====== Records

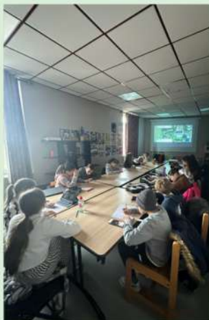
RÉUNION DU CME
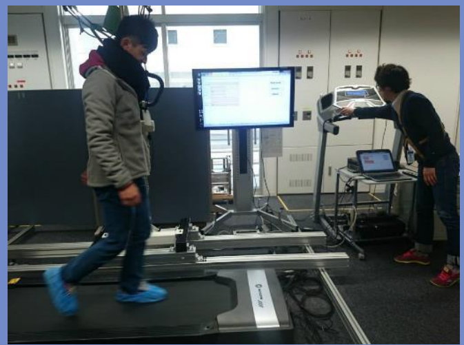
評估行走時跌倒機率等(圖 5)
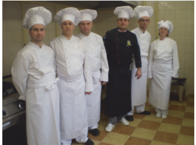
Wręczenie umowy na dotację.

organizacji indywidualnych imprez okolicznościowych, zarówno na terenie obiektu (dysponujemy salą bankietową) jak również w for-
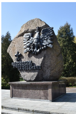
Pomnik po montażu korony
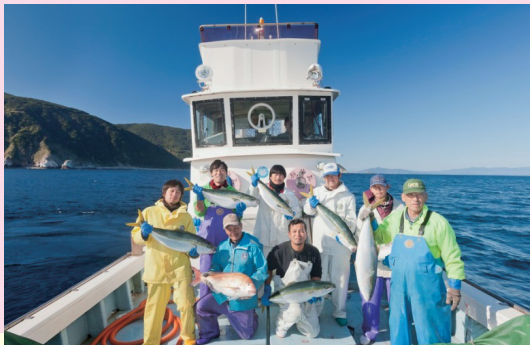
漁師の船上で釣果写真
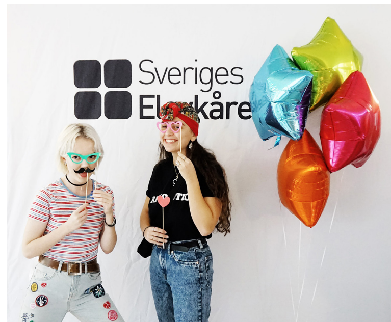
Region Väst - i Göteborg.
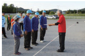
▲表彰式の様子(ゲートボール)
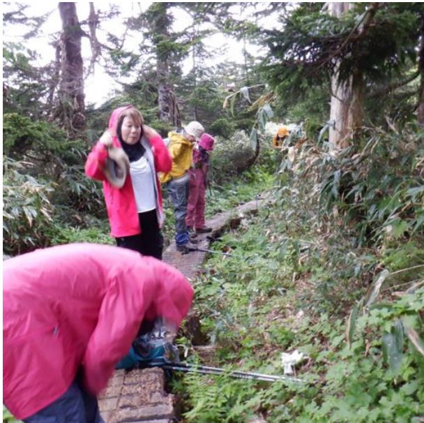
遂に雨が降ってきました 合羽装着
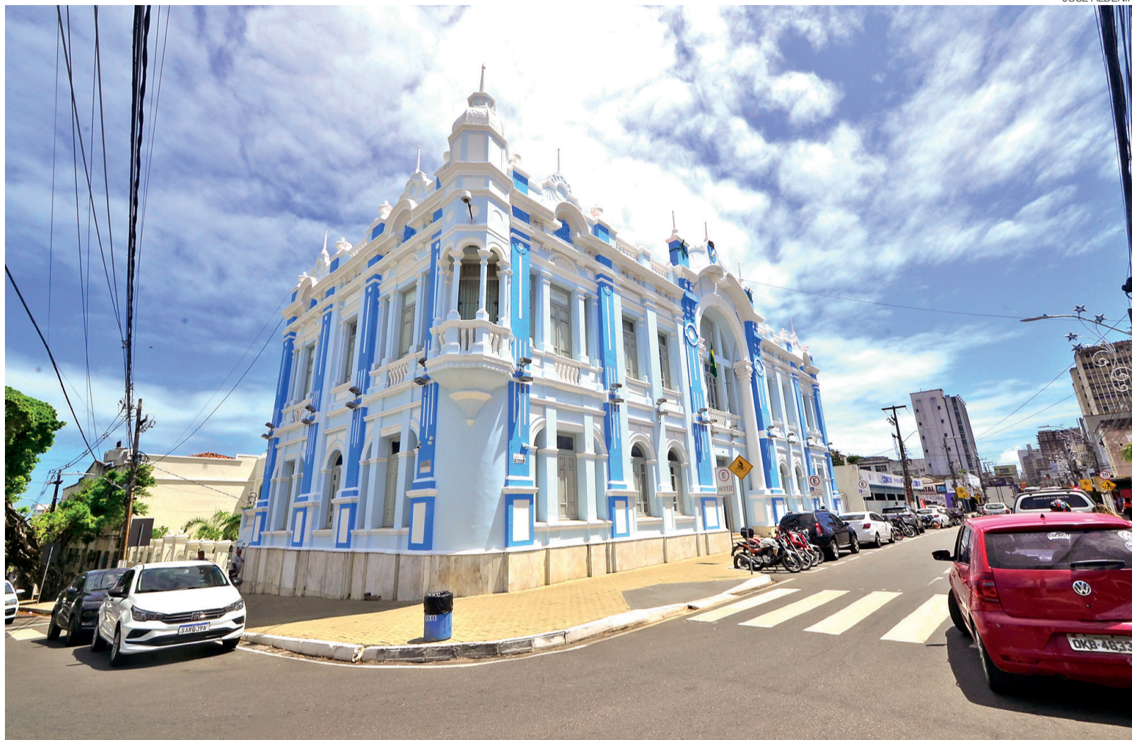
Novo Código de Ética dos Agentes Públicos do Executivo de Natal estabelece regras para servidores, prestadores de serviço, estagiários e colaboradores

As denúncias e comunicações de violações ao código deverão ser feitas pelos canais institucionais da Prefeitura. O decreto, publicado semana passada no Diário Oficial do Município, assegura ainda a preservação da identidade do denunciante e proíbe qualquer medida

============

**Task goal:** Starting from the line with "評估行走時跌倒機率等(圖 5)" in the records above, repeat each line exactly until you have written the line with "Novo Código de", then stop; drop the pictures.

**Response box:**
評估行走時跌倒機率等(圖 5)
Wręczenie umowy na dotację.

organizacji indywidualnych imprez okolicznościowych, zarówno na terenie obiektu (dysponujemy salą bankietową) jak również w for-
Pomnik po montażu korony
漁師の船上で釣果写真
Region Väst - i Göteborg.
▲表彰式の様子(ゲートボール)
遂に雨が降ってきました 合羽装着
Novo Código de Ética dos Agentes Públicos do Executivo de Natal estabelece regras para servidores, prestadores de serviço, estagiários e colaboradores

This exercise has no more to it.